- [Collected material]:
------

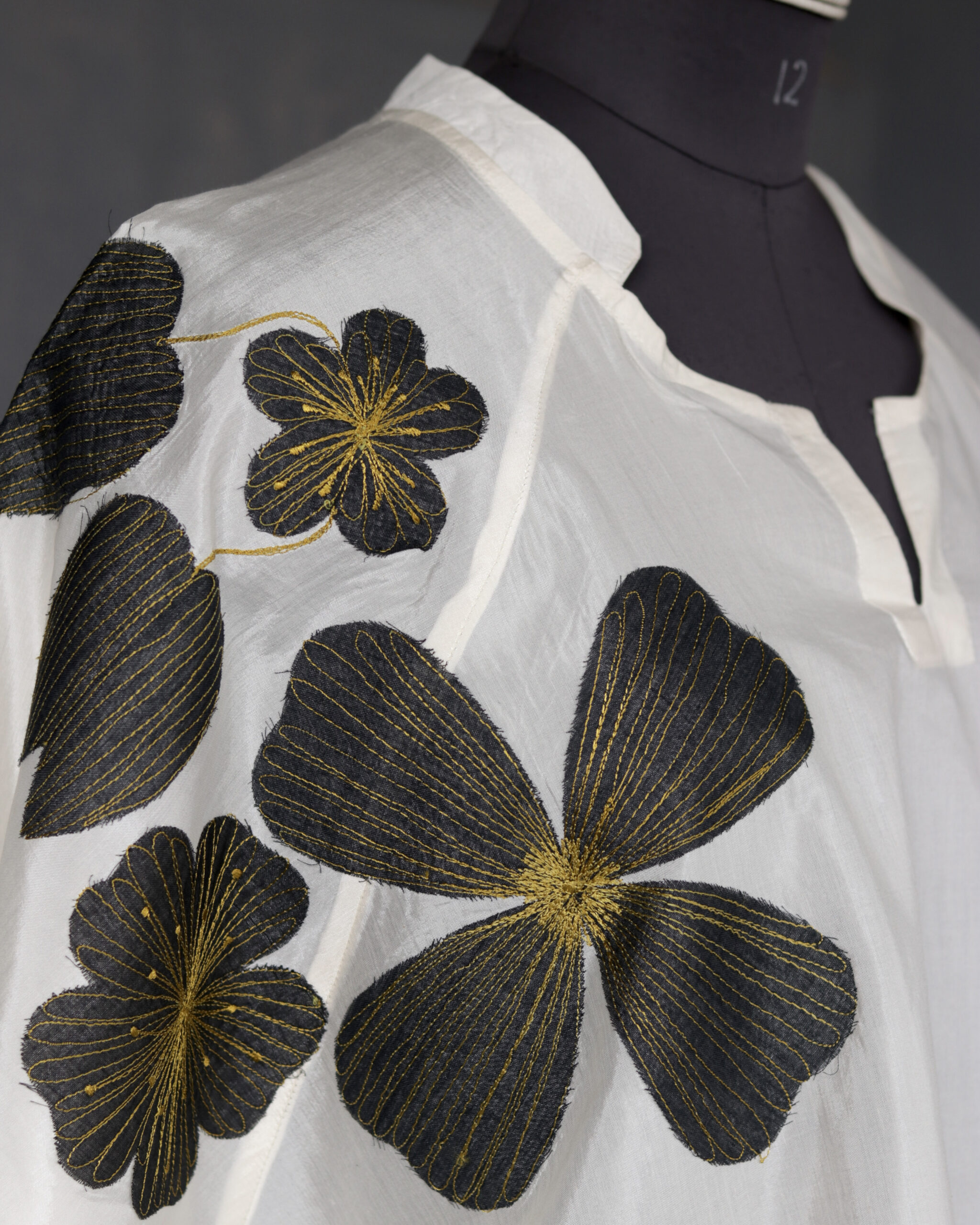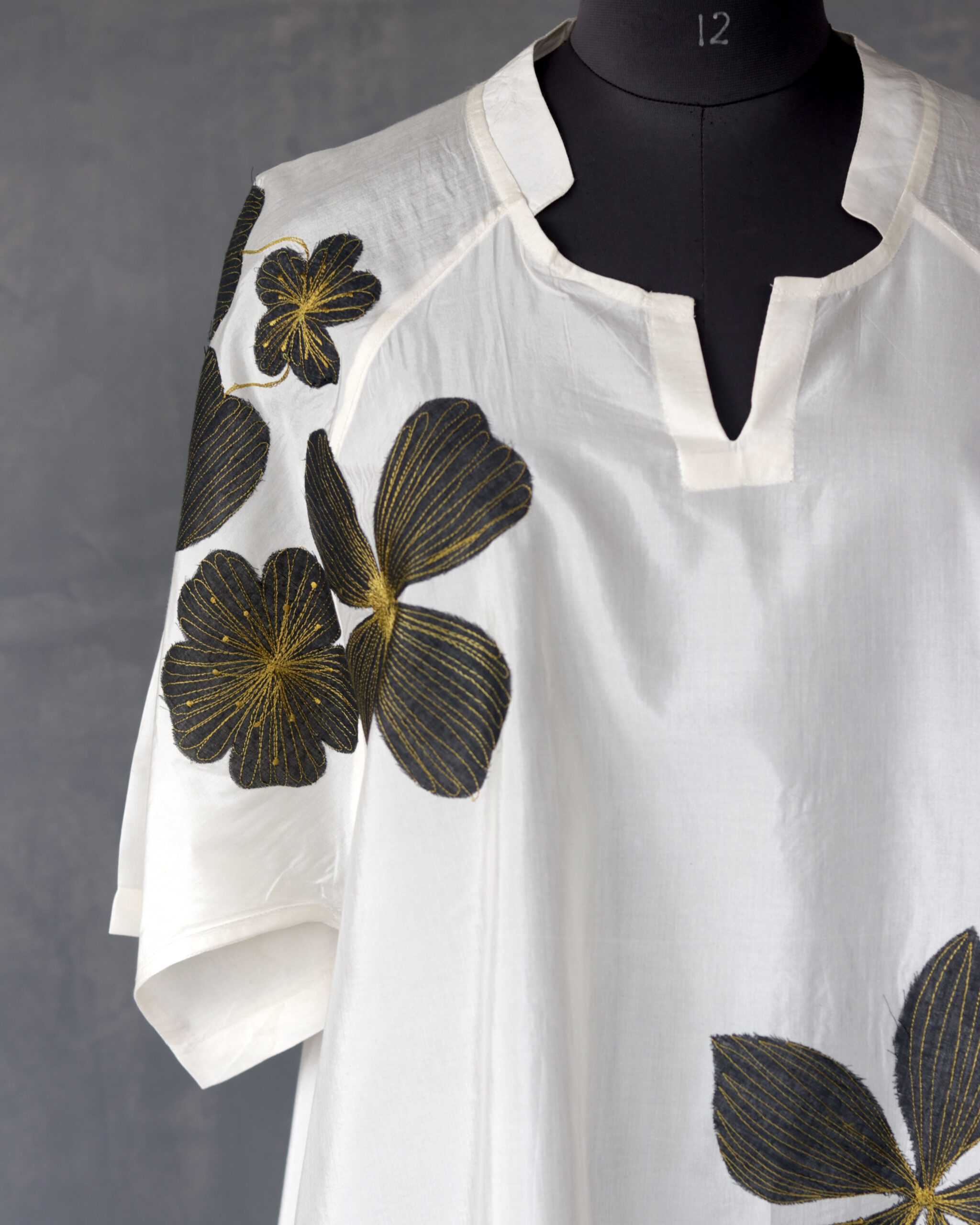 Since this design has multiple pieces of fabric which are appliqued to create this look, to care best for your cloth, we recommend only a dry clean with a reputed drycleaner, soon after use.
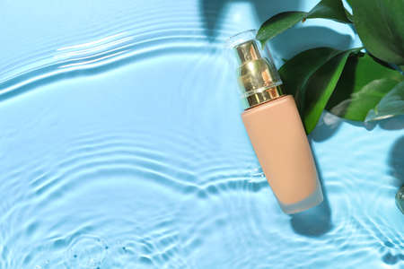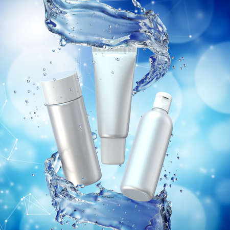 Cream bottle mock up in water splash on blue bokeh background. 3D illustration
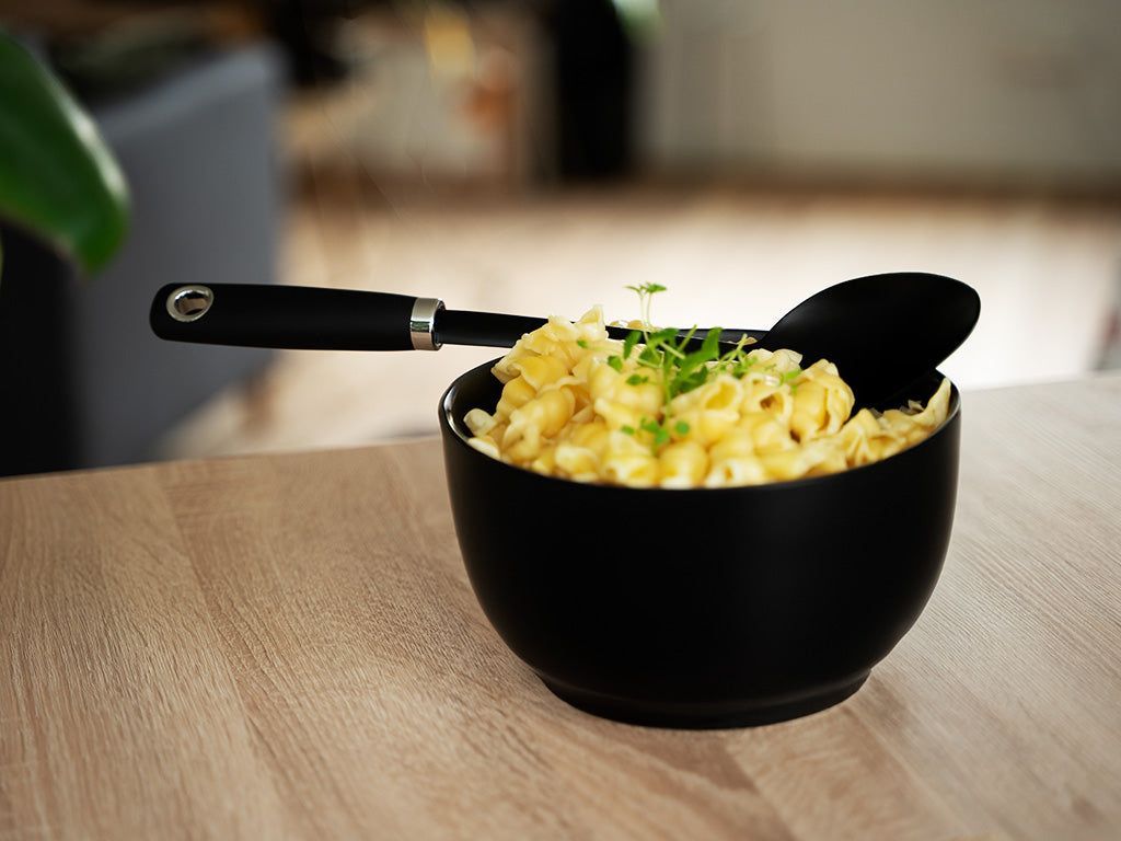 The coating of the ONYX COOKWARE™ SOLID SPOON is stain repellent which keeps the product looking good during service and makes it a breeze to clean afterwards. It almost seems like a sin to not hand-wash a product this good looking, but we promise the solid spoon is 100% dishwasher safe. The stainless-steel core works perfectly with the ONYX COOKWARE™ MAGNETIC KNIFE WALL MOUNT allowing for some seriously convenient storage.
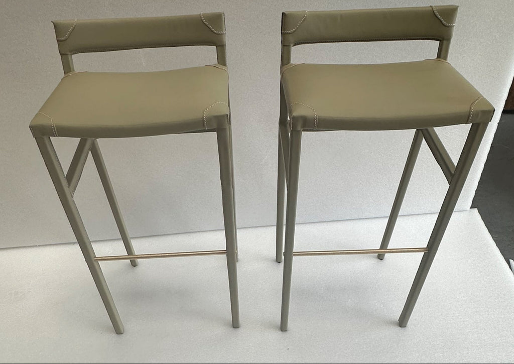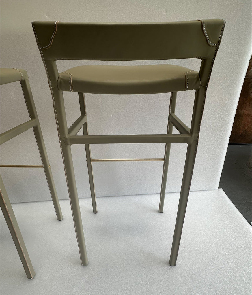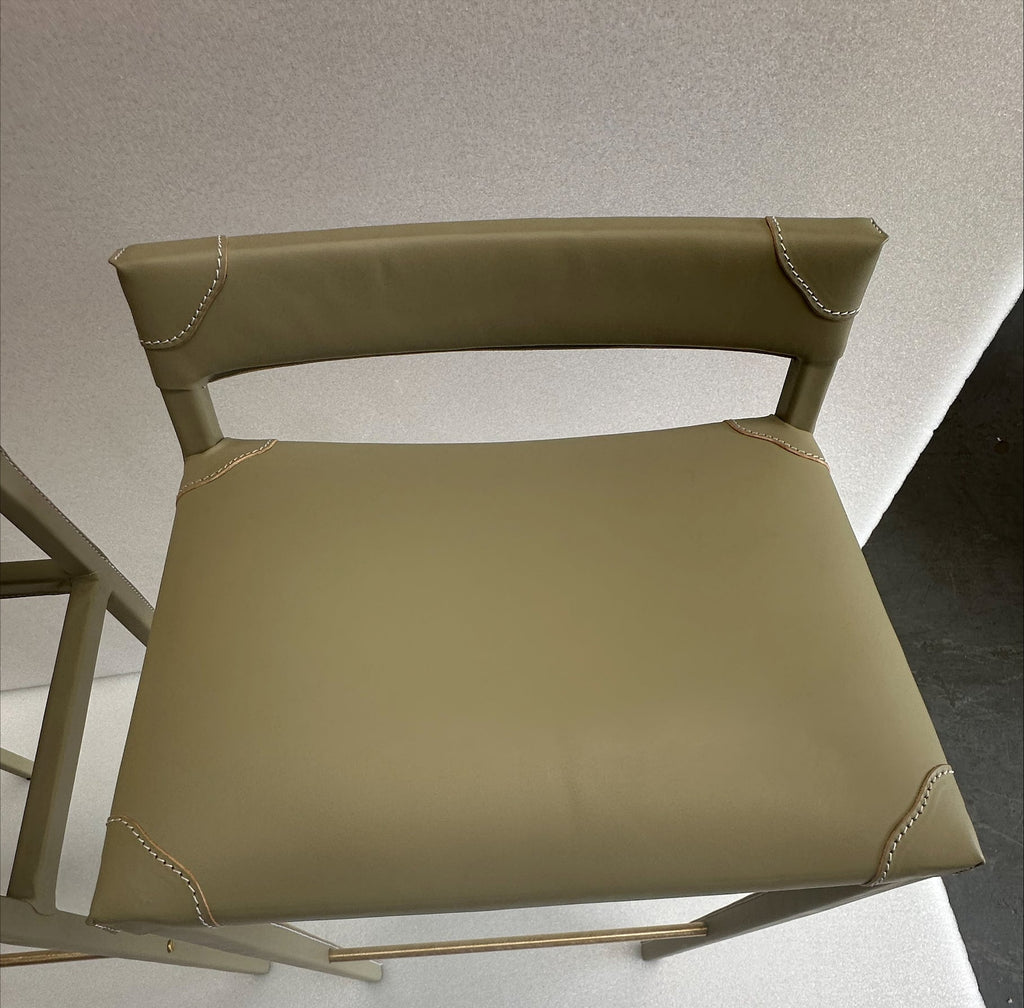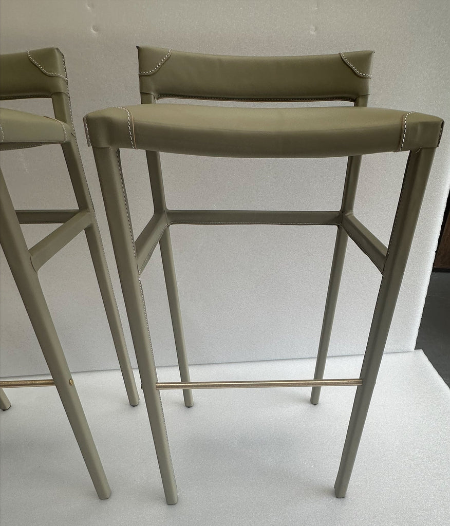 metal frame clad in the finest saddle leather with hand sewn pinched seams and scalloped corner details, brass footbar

------

- [Task details]:
Transcribe, word for word, only the material from its opening line through the line containing "Cream bottle mock", both ends included, and omit the pictures.

- [Problem solution]:
 Since this design has multiple pieces of fabric which are appliqued to create this look, to care best for your cloth, we recommend only a dry clean with a reputed drycleaner, soon after use.
 Cream bottle mock up in water splash on blue bokeh background. 3D illustration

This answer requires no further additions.